▶ TASK INSTRUCTIONS: What you return must be every line from the beginning of the data through the line holding "37-летняя американская звезда", unchanged.

▶ Stored data:

____

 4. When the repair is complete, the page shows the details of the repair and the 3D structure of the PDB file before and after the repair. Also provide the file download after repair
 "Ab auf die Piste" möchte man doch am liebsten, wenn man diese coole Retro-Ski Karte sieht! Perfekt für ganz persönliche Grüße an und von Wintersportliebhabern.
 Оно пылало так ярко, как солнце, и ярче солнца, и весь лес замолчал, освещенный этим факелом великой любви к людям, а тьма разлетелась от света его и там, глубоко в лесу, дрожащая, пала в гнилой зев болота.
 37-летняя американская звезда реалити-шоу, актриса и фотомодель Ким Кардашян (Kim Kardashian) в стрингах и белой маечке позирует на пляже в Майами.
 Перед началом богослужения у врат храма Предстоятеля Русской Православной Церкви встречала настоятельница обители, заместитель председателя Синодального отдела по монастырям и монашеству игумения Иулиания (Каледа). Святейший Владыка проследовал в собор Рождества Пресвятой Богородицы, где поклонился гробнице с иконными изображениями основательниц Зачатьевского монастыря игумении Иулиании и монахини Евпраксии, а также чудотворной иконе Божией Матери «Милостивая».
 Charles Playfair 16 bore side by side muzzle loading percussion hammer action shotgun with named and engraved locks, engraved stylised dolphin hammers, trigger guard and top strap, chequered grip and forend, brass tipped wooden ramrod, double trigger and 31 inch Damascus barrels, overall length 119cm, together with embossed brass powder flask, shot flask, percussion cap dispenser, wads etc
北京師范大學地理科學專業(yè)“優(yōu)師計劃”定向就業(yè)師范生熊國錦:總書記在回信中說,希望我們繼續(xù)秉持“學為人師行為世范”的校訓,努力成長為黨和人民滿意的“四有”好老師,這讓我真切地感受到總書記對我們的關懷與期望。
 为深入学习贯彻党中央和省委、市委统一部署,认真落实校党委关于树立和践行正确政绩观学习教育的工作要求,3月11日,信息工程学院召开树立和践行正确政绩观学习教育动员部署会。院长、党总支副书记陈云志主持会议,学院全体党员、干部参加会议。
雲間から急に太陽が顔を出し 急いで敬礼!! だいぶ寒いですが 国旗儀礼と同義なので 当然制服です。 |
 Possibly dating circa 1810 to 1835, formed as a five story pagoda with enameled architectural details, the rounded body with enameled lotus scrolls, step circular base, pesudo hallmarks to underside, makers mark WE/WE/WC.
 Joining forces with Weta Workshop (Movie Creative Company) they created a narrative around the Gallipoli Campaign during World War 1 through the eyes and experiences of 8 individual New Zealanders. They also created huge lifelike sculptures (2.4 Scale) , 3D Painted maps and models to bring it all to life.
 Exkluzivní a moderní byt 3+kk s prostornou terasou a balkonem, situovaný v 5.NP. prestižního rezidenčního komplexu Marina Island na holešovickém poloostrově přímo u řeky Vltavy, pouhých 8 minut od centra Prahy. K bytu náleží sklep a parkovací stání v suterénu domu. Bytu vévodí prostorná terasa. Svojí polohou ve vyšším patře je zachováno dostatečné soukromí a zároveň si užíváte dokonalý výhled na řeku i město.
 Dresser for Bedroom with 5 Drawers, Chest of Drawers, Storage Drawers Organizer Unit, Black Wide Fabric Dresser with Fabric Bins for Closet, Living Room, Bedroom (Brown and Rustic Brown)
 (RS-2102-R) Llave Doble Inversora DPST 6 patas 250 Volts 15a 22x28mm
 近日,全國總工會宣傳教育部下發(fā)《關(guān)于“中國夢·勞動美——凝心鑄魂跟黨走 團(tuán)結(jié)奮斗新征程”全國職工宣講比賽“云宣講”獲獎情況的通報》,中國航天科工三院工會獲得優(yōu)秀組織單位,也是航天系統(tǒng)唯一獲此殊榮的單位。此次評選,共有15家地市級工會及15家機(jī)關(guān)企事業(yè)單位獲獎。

____

▶ EXERCISE SOLUTION:
 4. When the repair is complete, the page shows the details of the repair and the 3D structure of the PDB file before and after the repair. Also provide the file download after repair
 "Ab auf die Piste" möchte man doch am liebsten, wenn man diese coole Retro-Ski Karte sieht! Perfekt für ganz persönliche Grüße an und von Wintersportliebhabern.
 Оно пылало так ярко, как солнце, и ярче солнца, и весь лес замолчал, освещенный этим факелом великой любви к людям, а тьма разлетелась от света его и там, глубоко в лесу, дрожащая, пала в гнилой зев болота.
 37-летняя американская звезда реалити-шоу, актриса и фотомодель Ким Кардашян (Kim Kardashian) в стрингах и белой маечке позирует на пляже в Майами.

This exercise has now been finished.